→ **What is required**: Only the lines from the one containing "नई दिल्ली ।" through the final line below belong in the output, copied exactly and without pictures.

★ ★ ★

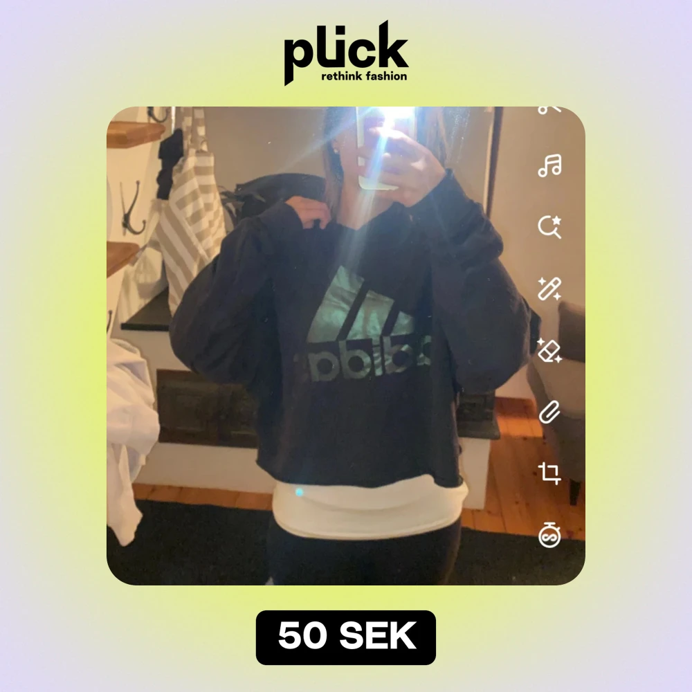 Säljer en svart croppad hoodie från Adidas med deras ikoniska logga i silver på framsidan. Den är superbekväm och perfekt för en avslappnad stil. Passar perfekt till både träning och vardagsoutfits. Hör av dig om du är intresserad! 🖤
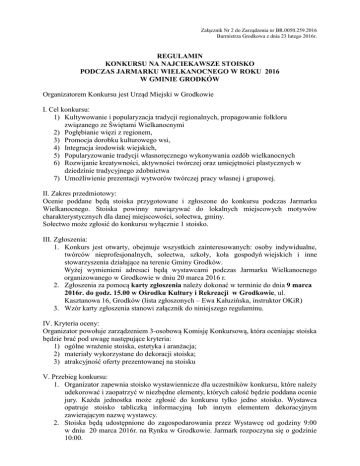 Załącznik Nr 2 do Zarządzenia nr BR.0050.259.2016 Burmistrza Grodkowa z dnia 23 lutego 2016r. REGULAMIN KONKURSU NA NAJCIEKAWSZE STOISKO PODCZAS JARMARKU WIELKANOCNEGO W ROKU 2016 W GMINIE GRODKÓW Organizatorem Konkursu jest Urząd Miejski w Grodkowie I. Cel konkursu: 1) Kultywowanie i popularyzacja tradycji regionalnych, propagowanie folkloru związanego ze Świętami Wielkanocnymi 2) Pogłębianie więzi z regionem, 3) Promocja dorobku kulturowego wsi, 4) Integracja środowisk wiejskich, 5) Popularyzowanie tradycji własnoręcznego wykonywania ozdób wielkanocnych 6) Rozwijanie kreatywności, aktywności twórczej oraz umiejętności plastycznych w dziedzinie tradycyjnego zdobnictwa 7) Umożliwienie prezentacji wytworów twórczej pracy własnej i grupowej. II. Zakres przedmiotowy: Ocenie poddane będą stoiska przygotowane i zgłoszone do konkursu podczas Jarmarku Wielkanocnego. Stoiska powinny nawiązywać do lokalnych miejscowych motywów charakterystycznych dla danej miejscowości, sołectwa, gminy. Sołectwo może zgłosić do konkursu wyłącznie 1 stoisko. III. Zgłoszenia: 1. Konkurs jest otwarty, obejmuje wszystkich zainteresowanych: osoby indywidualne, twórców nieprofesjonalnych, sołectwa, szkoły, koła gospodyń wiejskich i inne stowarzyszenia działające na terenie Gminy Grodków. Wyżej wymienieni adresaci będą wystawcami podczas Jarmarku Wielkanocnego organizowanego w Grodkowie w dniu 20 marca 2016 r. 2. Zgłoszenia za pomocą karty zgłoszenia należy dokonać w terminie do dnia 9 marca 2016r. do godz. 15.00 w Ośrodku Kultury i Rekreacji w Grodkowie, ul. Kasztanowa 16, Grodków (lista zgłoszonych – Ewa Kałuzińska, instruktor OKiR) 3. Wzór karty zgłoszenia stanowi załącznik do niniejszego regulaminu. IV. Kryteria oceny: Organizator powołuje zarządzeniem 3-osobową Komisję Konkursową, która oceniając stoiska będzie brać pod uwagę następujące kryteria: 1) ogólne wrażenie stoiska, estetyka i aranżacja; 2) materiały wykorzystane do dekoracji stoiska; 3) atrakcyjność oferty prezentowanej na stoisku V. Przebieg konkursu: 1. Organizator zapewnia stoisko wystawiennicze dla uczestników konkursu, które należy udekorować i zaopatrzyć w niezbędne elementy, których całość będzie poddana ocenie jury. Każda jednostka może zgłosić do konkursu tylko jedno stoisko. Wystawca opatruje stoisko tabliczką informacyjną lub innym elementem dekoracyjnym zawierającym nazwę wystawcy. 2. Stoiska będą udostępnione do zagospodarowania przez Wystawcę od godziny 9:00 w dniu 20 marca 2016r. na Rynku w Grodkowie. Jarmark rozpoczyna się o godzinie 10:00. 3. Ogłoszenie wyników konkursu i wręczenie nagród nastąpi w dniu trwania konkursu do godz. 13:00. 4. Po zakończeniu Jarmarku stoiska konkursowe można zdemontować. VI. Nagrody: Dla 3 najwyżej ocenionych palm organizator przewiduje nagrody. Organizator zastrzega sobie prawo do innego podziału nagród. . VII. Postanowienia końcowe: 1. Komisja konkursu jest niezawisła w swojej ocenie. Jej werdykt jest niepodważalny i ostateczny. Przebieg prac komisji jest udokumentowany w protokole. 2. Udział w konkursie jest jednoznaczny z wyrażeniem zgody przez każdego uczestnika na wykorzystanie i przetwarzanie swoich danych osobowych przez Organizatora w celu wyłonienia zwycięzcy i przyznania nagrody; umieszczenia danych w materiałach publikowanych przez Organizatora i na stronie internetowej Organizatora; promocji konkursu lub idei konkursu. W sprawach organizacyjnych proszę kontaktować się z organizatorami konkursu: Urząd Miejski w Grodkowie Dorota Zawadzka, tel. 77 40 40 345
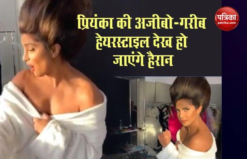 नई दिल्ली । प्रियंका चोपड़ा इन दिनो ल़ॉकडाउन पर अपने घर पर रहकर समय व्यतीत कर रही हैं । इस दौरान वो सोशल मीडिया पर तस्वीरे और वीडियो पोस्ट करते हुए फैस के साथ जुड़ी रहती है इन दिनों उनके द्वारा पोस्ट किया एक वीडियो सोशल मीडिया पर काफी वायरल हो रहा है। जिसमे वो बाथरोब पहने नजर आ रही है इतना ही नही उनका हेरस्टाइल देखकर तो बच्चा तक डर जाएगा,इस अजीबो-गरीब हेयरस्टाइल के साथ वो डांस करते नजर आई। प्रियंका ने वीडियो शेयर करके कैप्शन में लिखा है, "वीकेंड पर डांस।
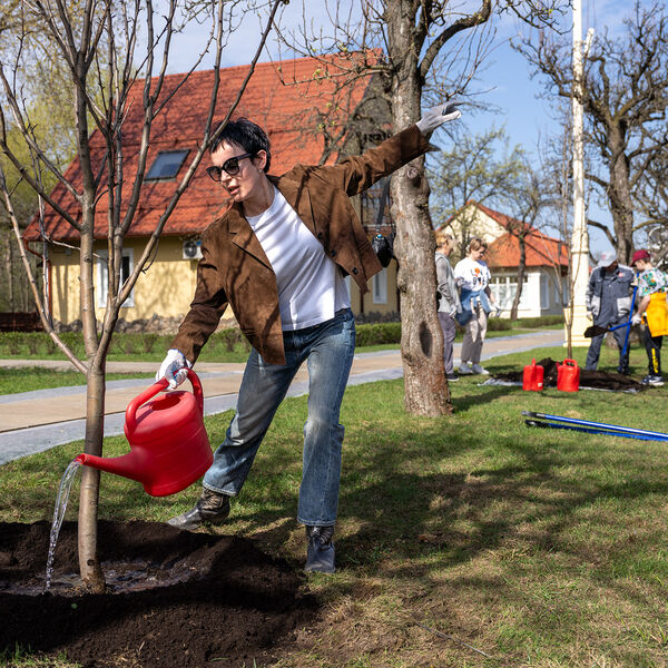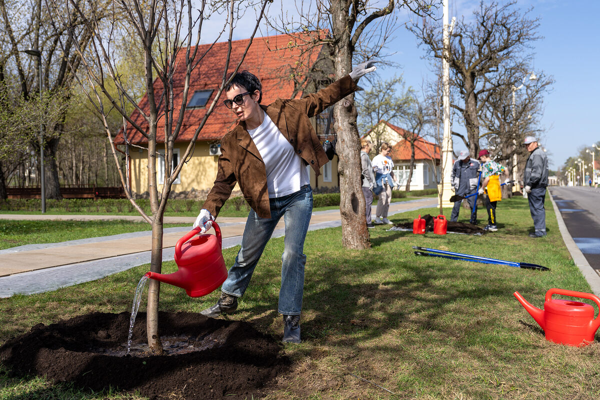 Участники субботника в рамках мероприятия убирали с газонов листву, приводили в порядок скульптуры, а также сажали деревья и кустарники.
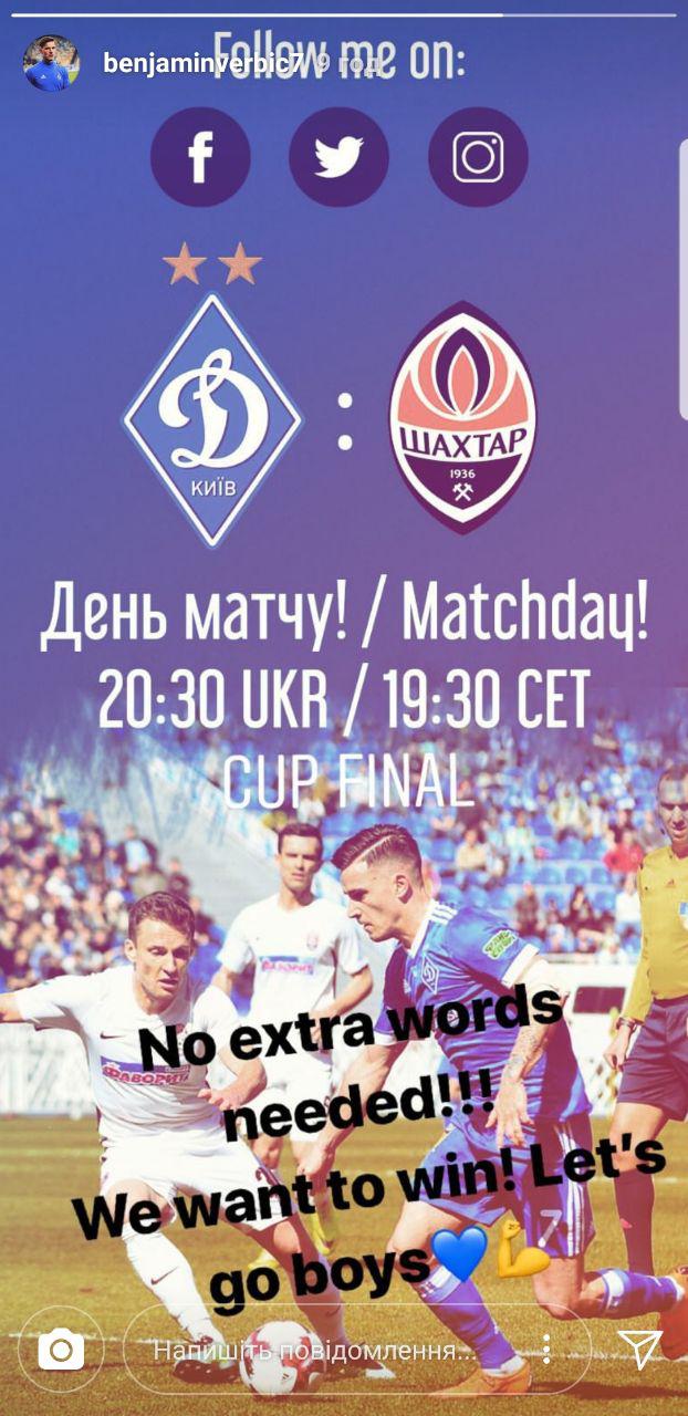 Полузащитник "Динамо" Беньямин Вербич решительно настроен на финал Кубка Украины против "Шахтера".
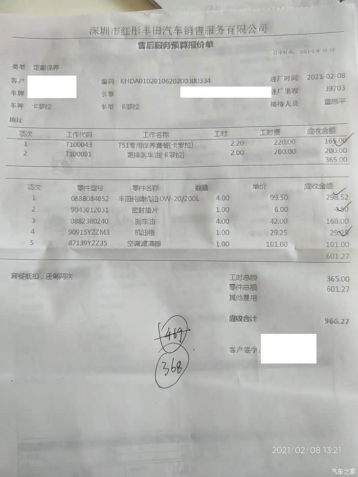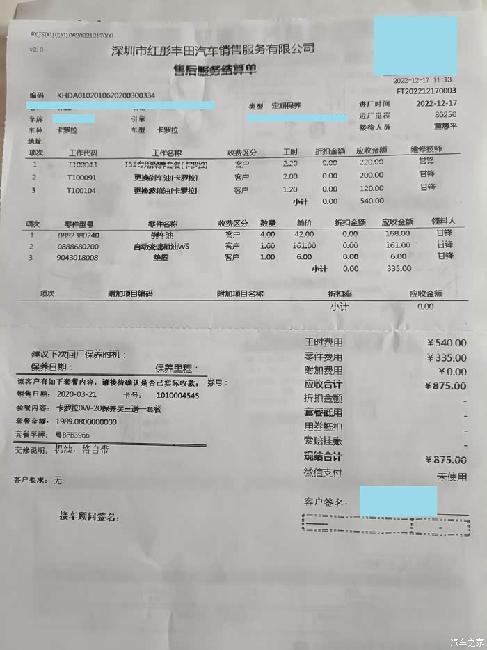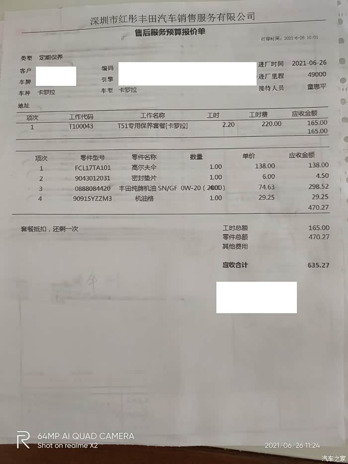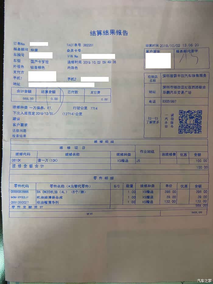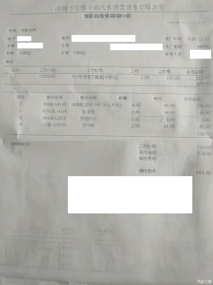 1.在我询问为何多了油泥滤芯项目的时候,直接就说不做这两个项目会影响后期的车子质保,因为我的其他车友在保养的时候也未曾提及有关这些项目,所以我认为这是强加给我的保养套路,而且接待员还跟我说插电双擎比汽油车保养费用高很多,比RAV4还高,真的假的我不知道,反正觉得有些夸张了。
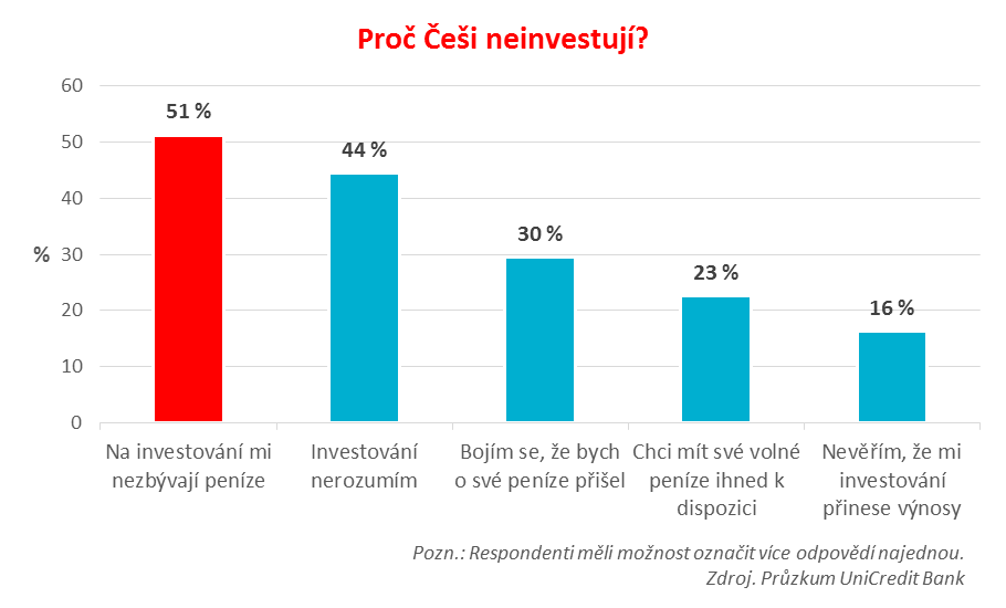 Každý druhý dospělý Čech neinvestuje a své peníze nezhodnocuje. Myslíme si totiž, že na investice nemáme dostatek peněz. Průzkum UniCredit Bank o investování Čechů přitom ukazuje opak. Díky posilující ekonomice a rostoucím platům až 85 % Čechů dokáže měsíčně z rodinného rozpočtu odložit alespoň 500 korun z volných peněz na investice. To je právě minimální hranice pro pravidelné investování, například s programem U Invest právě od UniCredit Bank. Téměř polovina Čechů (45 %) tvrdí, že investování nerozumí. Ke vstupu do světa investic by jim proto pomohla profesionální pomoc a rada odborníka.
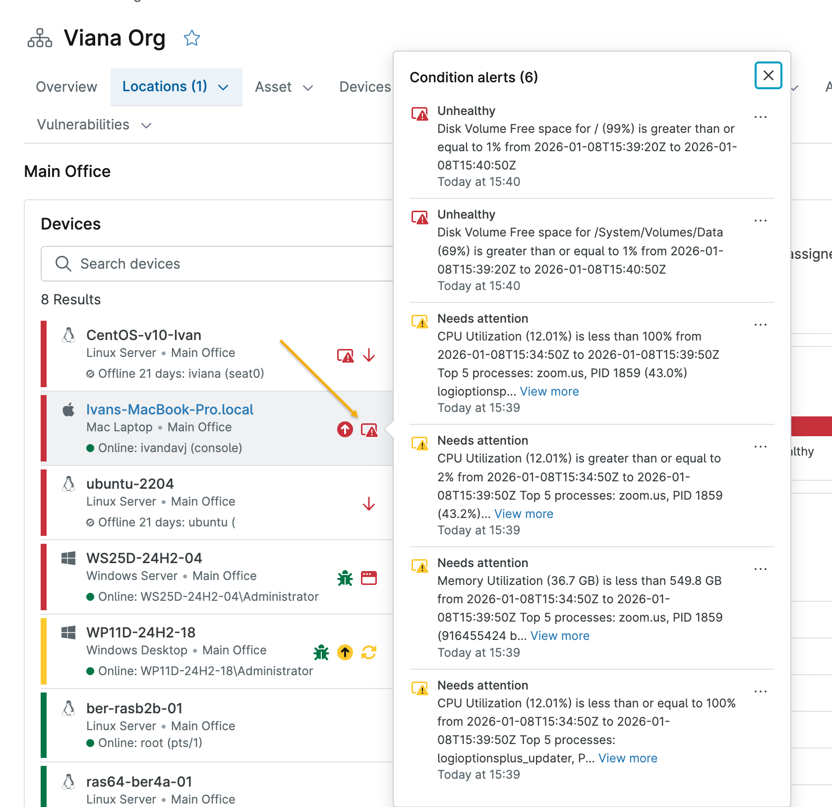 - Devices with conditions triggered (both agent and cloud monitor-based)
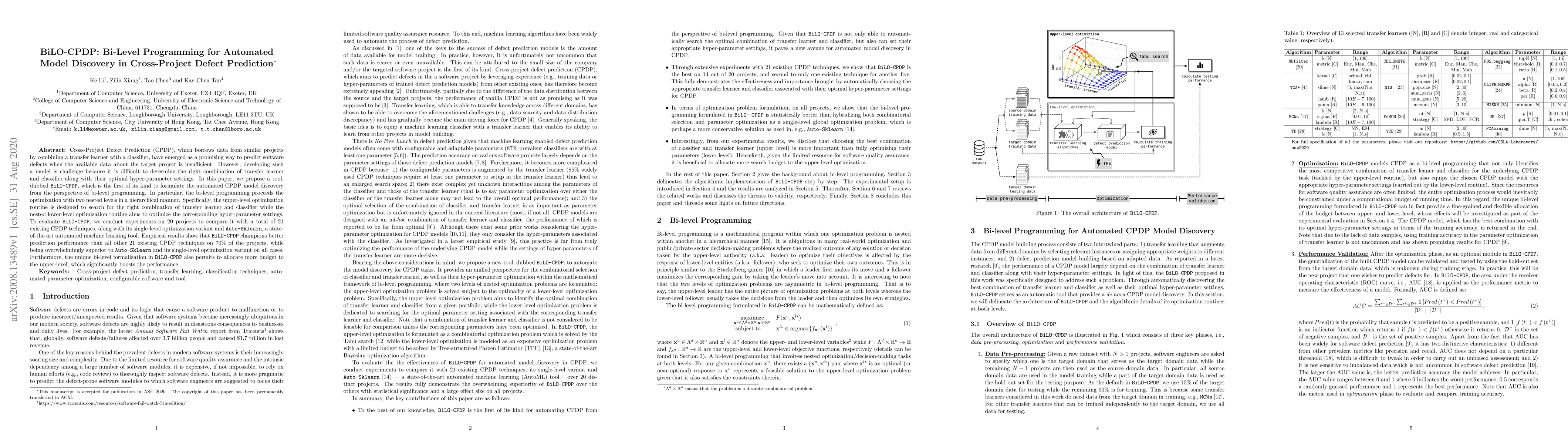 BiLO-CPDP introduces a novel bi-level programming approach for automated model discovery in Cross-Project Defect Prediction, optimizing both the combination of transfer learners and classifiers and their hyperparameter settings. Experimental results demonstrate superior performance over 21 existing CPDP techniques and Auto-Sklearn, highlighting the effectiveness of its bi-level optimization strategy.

★ ★ ★

→ **Answer to the exercise**:
 नई दिल्ली । प्रियंका चोपड़ा इन दिनो ल़ॉकडाउन पर अपने घर पर रहकर समय व्यतीत कर रही हैं । इस दौरान वो सोशल मीडिया पर तस्वीरे और वीडियो पोस्ट करते हुए फैस के साथ जुड़ी रहती है इन दिनों उनके द्वारा पोस्ट किया एक वीडियो सोशल मीडिया पर काफी वायरल हो रहा है। जिसमे वो बाथरोब पहने नजर आ रही है इतना ही नही उनका हेरस्टाइल देखकर तो बच्चा तक डर जाएगा,इस अजीबो-गरीब हेयरस्टाइल के साथ वो डांस करते नजर आई। प्रियंका ने वीडियो शेयर करके कैप्शन में लिखा है, "वीकेंड पर डांस।
 Участники субботника в рамках мероприятия убирали с газонов листву, приводили в порядок скульптуры, а также сажали деревья и кустарники.
 Полузащитник "Динамо" Беньямин Вербич решительно настроен на финал Кубка Украины против "Шахтера".
 1.在我询问为何多了油泥滤芯项目的时候,直接就说不做这两个项目会影响后期的车子质保,因为我的其他车友在保养的时候也未曾提及有关这些项目,所以我认为这是强加给我的保养套路,而且接待员还跟我说插电双擎比汽油车保养费用高很多,比RAV4还高,真的假的我不知道,反正觉得有些夸张了。
 Každý druhý dospělý Čech neinvestuje a své peníze nezhodnocuje. Myslíme si totiž, že na investice nemáme dostatek peněz. Průzkum UniCredit Bank o investování Čechů přitom ukazuje opak. Díky posilující ekonomice a rostoucím platům až 85 % Čechů dokáže měsíčně z rodinného rozpočtu odložit alespoň 500 korun z volných peněz na investice. To je právě minimální hranice pro pravidelné investování, například s programem U Invest právě od UniCredit Bank. Téměř polovina Čechů (45 %) tvrdí, že investování nerozumí. Ke vstupu do světa investic by jim proto pomohla profesionální pomoc a rada odborníka.
 - Devices with conditions triggered (both agent and cloud monitor-based)
 BiLO-CPDP introduces a novel bi-level programming approach for automated model discovery in Cross-Project Defect Prediction, optimizing both the combination of transfer learners and classifiers and their hyperparameter settings. Experimental results demonstrate superior performance over 21 existing CPDP techniques and Auto-Sklearn, highlighting the effectiveness of its bi-level optimization strategy.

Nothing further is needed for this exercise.